Health Care

Senate Democrats to force a vote on bill to protect IVF access

Sens. Tammy Duckworth (D-Ill.) and Patty Murray (D-Wash.) said Tuesday they will try to force a vote on their legislation to protect access to in vitro fertilization (IVF) treatment in response to the Alabama Supreme Court ruling that frozen embryos are considered people, setting up a showdown as they dare Republicans to block the bill. 

At a press conference flanked by her co-sponsors, Duckworth said she will ask for unanimous consent Wednesday for the Senate to pass the bill, which would establish a federal right to IVF and other fertility treatments that are at risk in the post-Roe era.

Duckworth’s two children were conceived through IVF.  

“I warned that red states would come for IVF, and now they have. But they aren’t going to just going to stop in Alabama,” Duckworth said. “Mark my words: If we don’t act now, it will only get worse.” 

The push from Duckworth comes as Democrats vow to make IVF a campaign issue as they continue to squeeze Republicans on the fallout of overturning Roe v. Wade.  

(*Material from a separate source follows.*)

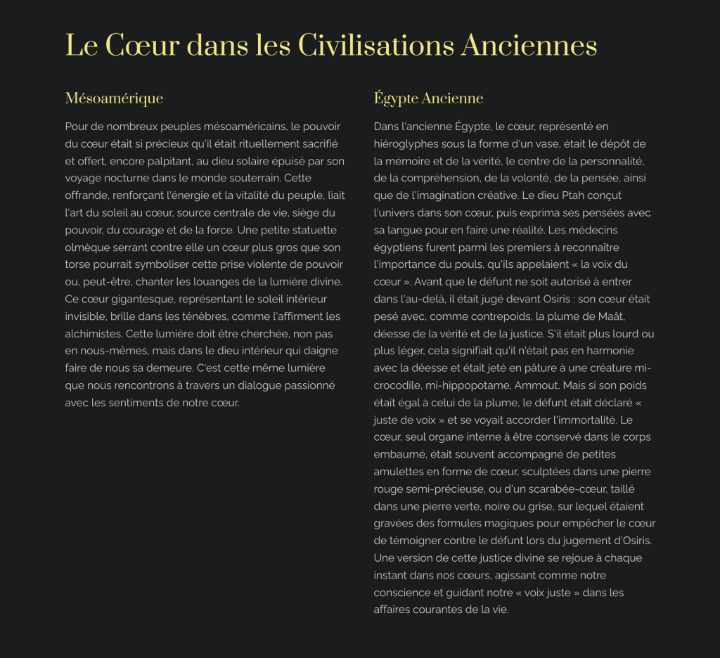 Dans cette chronique, je plonge dans les multiples significations du cœur à travers l’histoire : des sacrifices aztèques au Sacré-Cœur chrétien, en passant par les récits égyptiens où le cœur est jugé pour accéder à l’au-delà. 🔥💔

“This didn’t happen in a vacuum. What happened in Alabama, make no mistake about it, is a direct consequence of the hard right MAGA Supreme Court’s decision to overturn Roe v. Wade,” Senate Majority Leader Chuck Schumer (D-N.Y) told reporters Tuesday.  

Duckworth and Murray’s bill was first introduced in 2022 and then reintroduced last month. It would guarantee a right to IVF as it is currently practiced, no matter which state a person lives in. It has no Republican co-sponsors.  

Duckworth tried to call for unanimous consent to pass the bill in 2022, but Sen. Cindy Hyde-Smith (R-Miss.) blocked it without explanation. Under unanimous consent, any one senator can object to moving the bill forward. 

“If you truly care about the sanctity of families, and you’re genuinely actually honestly interested in protecting IVF, then you need to show it by not blocking this bill on the floor tomorrow. It’s that simple,” Duckworth said. 

The Alabama ruling criminalized the destruction of frozen embryos under Alabama’s Wrongful Death of a Minor Act and led to multiple clinics in the state, including the state’s largest health system, pausing IVF operations for fear of legal repercussions. 

After the ruling, many Republicans raced to distance themselves from it, and the GOP Senate campaign arm called on candidates to reject attempts to regulate access to the procedure.  

But a key practice in modern IVF treatments is to fertilize multiple embryos at once while only implanting one, and it is routine practice to discard nonviable or excess embryos. 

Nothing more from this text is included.